In traditional computing, the bit (binary digit), 1 or 0, is the smallest unit of information that can be stored or transmitted. The numeral 1 corresponds to a closed circuit that allows an electric current to pass, and 0 corresponds to an open circuit that blocks the signal. In short, the paradigm is yes or no, with nothing in between. In neuromorphic computing, each basic unit can display several possible states – yes, no, and various forms of maybe.
Moreover, neural networks would display levels of plasticity and learning capacity that would increasingly resemble those of biological structures. Hence, many different units could be synchronised so that they would be able to learn and mimic each other’s electrical patterns.
“Alongside multilayer memory, learning capacity is a very important characteristic of the ENODe,” Faria said. “To demonstrate this capacity, we subjected the device to ‘Pavlov’s dog test’.”
The test, based on experiments performed by Russian physiologist Ivan Petrovich Pavlov (1849-1936), associates the offer of food with the sound of a buzzer or bell. The dog salivates initially on seeing or sniffing the food, and later, whenever it hears the sound, it salivates even in the absence of food.
“We reproduced this kind of animal conditioning using two neuromorphic systems, one for vision, mimicking the sight of food, and the other for hearing, mimicking the sound of the bell. Changes in conductivity due to electric potential occurring in the vision system were ‘learned’ by the hearing system when the two systems were integrated,” Faria said.
It seems complicated, but essentially these findings can be summarised as the ability to dope the polymer structure by using an ion flux.
Today’s von Neumann computers are already able to learn by trial and error. In technical language, this is called machine learning, and it can be found even in the latest generation of smartphones. A milestone in this evolution was reached in 1997, when world chess champion Garry Kasparov, thought by many to be the best chess player of all time, lost to IBM’s Deep Blue supercomputer.

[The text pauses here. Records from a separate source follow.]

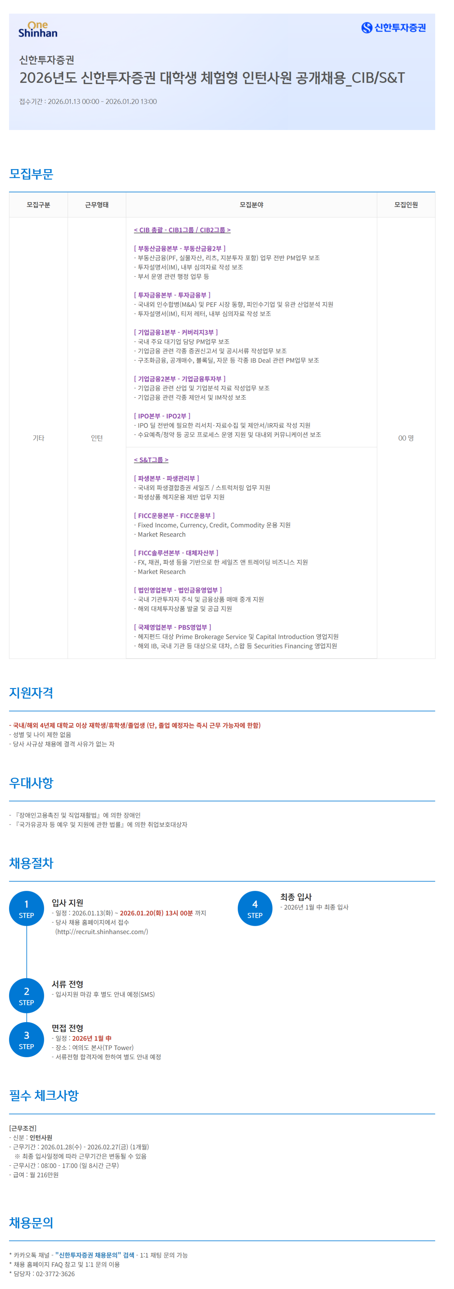 2026³âµµ ½ÅÇÑÅõÀÚÁõ±Ç ´ëÇлý üÇèÇü ÀÎÅÏ»ç¿ø °ø°³Ã¤¿ë_CIB/S&T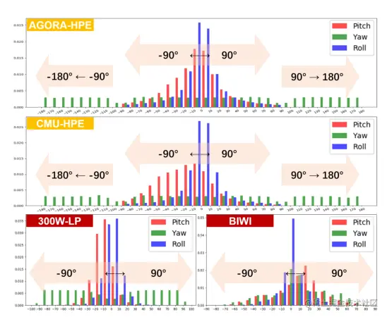 目前,两个最广泛使用的 HPE 数据集BIWI和300W-LP仅包含窄范围偏航角(-99°,99°)的头部姿势标签。现有 HPE 方法的性能在这些基准上趋于饱和。然而,覆盖全范围偏航角(−180°、180°)的 HPE 方法因此同样具有重要的应用价值。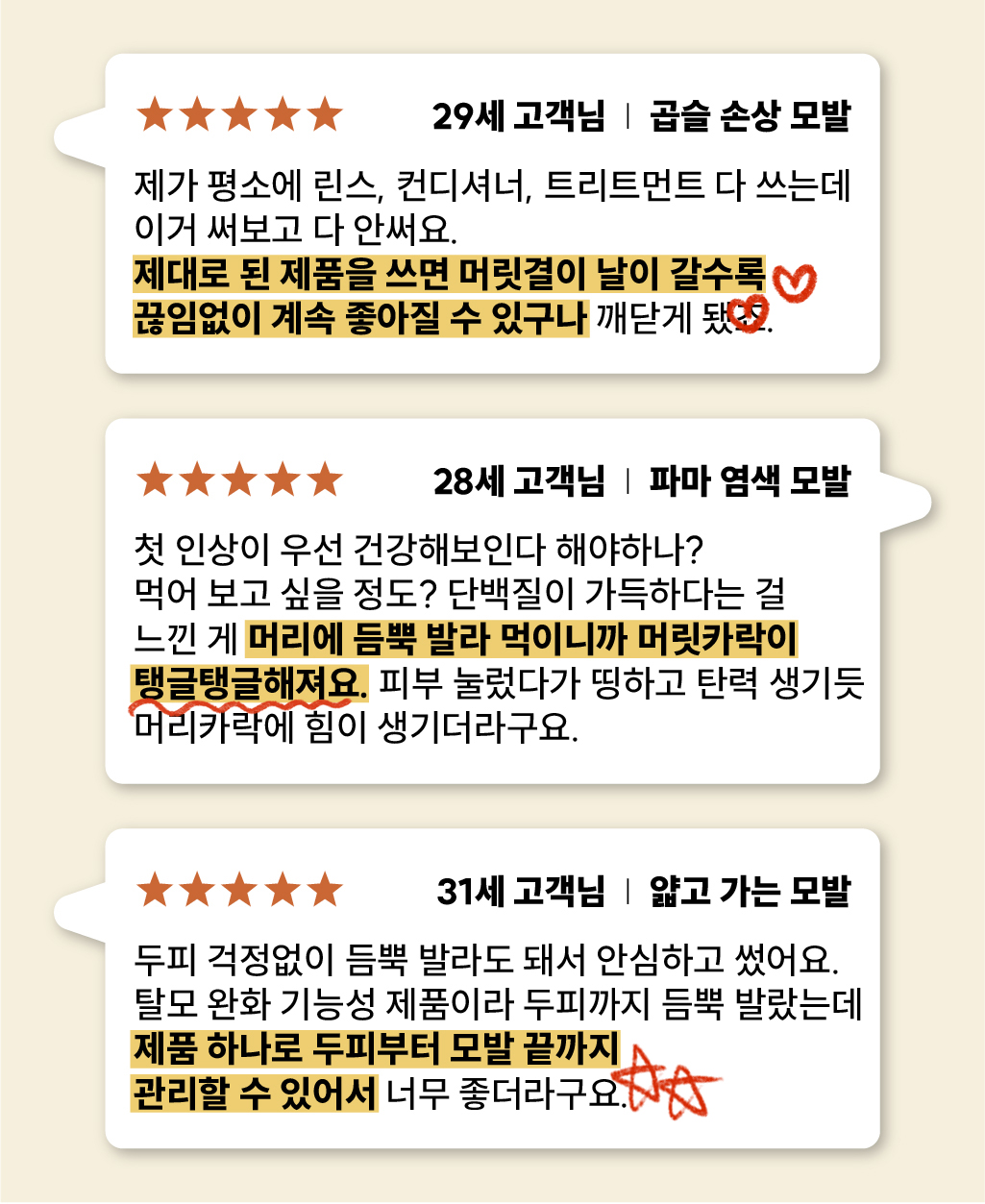 모발 속 단백질은 쏙 채워줘요.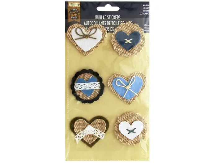 Add a rustic charm to your projects with these Layered Burlap Hearts Stickers. Each set includes six beautifully crafted burlap hearts adorned with lace, felt, and canvas in a variety of styles and colors, making them perfect for scrapbooking, card-making, and home décor.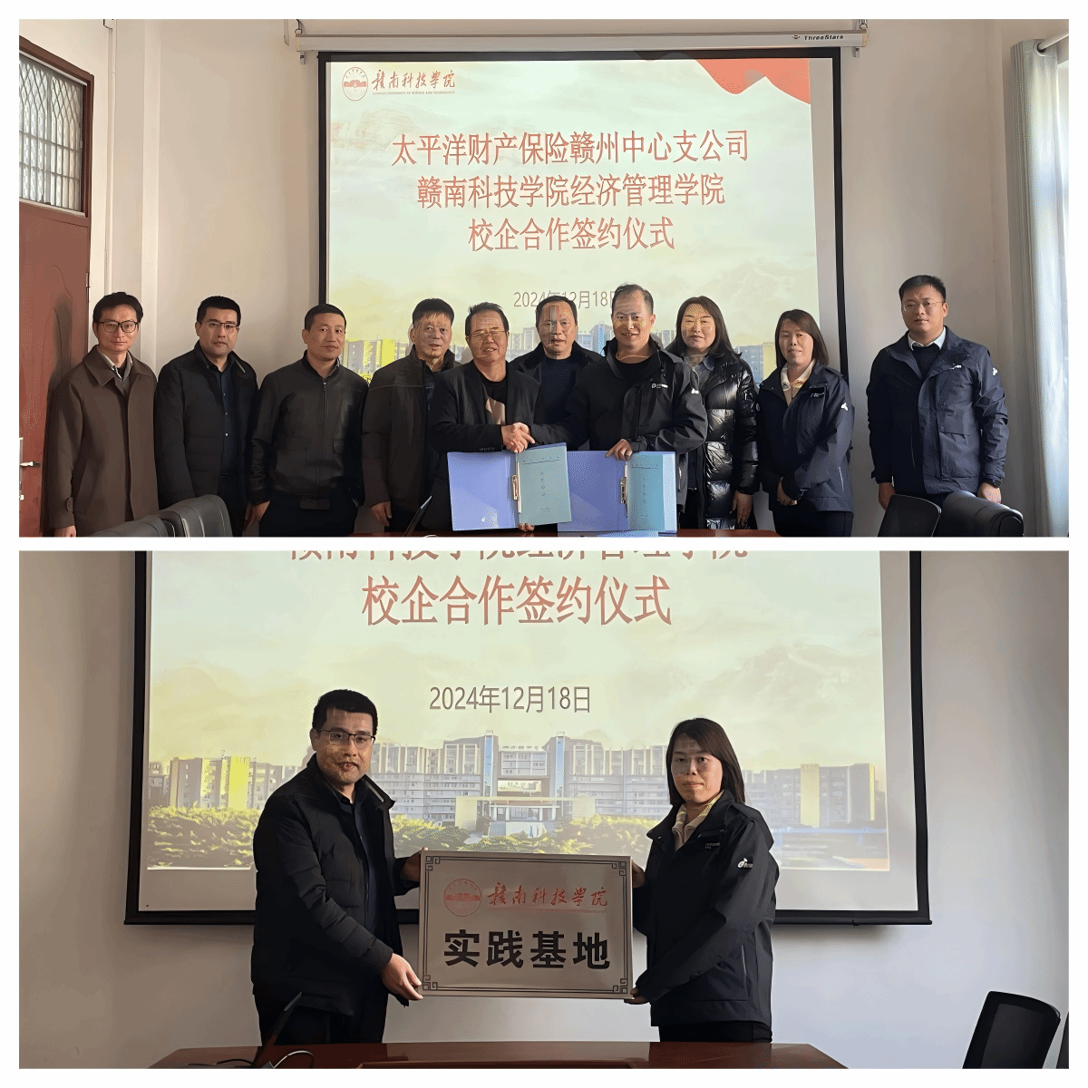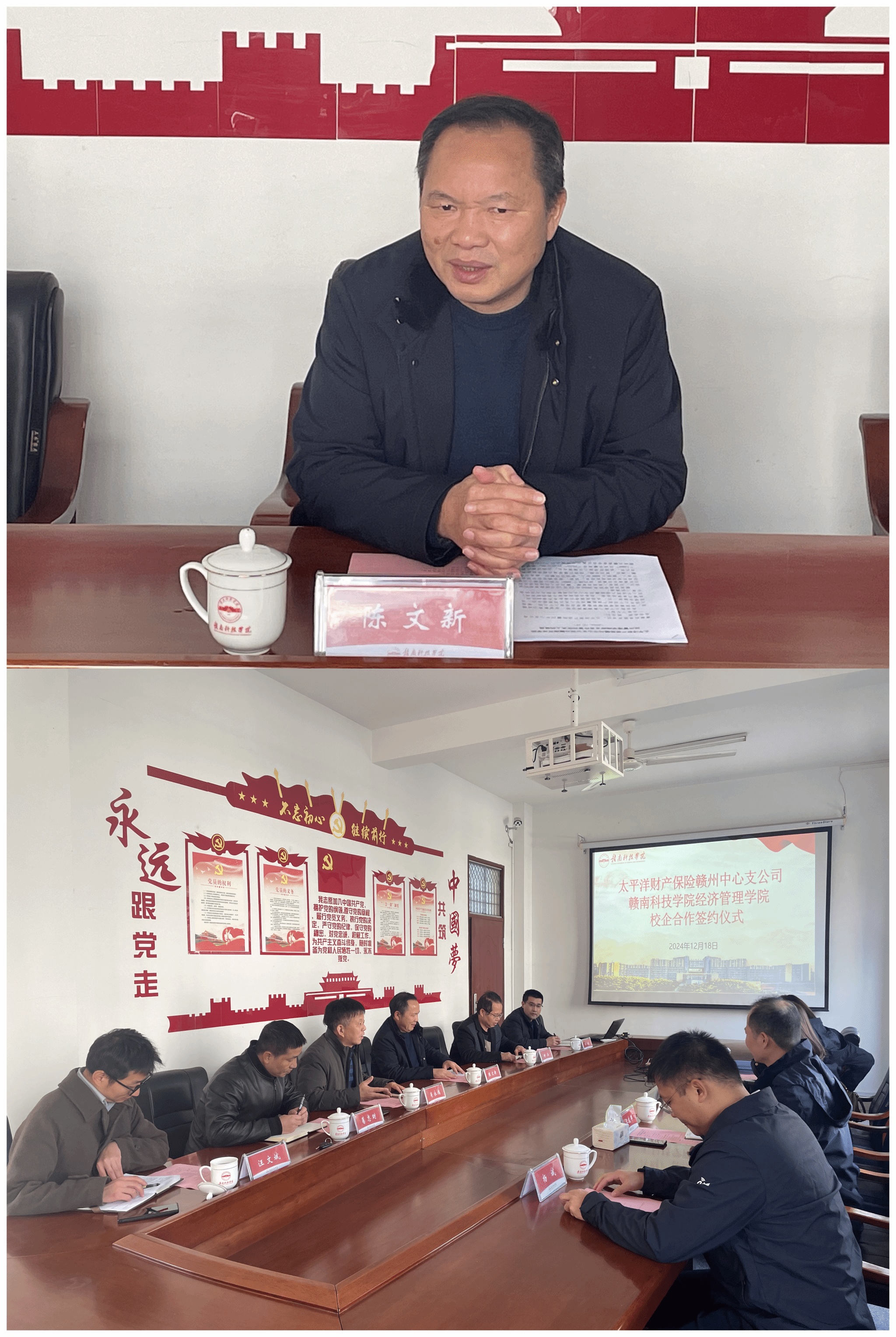 本网讯:12月18日,国产精品❌❌❌蜜桃丝袜与太平洋财产保险赣州中心支公司在新民楼309会议室举行实践教学基地共建签约仪式。学校党委委员、纪委书记陈文新,国产精品❌❌❌蜜桃丝袜党委书记肖永鸿,学院党委委员、副院长钟滨,学院党委委员葛志财、王波及金融教研室副主任汪文斌,太平洋财产保险赣州中心支公司总经理李桂芳、副总经理王友群及相关负责人共同出席共建签约仪式。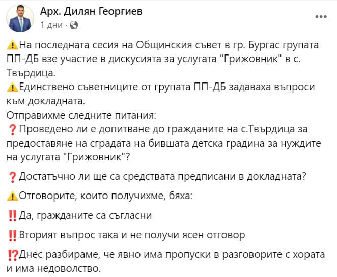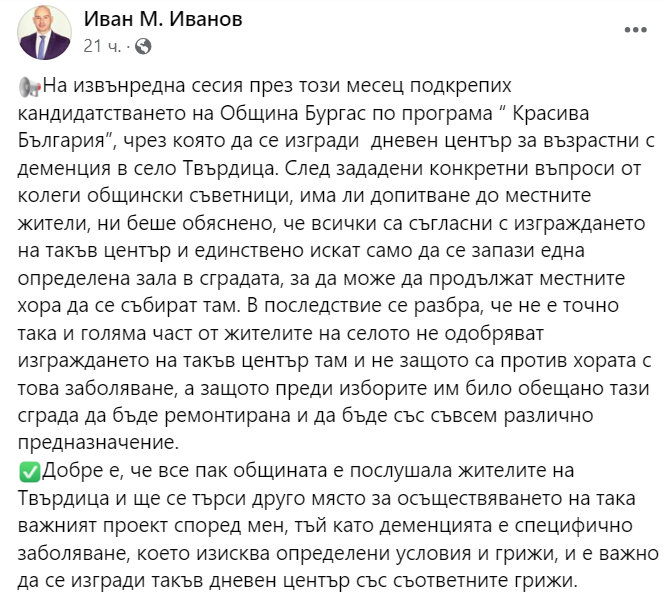 Както Искра.бг писа, през последните дни се развихря скандал в едно от бургаските села , а именно село Твърдица. Причината за недоволството на жителите е докладна записка на кмета Димитър Николов за изграждане на нова социална градина „Грижовник“ за възрастни хора, диагностицирани с деменция, в сградата на бивша детска градина в с. Твърдица.

Another landmark event occurred in 2011 when Watson, an even more powerful IBM supercomputer, defeated two former human champions of Jeopardy!, a popular TV quiz program in the US. With 15 trillion bytes of random-access memory (a byte equals eight bits), equivalent to 5,000 massively parallel processors, Watson can read half a billion pages in 3 seconds.
During the quiz program, its machine learning capability enabled it to understand the questions (many of them tricky), find all the possible answers, rank them statistically by plausibility, and choose the most likely option, within seconds or fractions of a second.
The target now, however, is a different type of learning based not on the accumulation of bytes in gigantic machines but on multilevel processing units integrated into networks capable of mimicking the plasticity of the human brain.
The device tested in Stanford’s experiment is macroscopic in size, less than a millimeter thick, and can be miniaturised to the nanometric scale by using photolithography. “Our prime goal is to connect several neuromorphic devices and mimic neural networks capable of performing increasingly complex functions,” Faria said. Neuromorphic computing is on the horizon.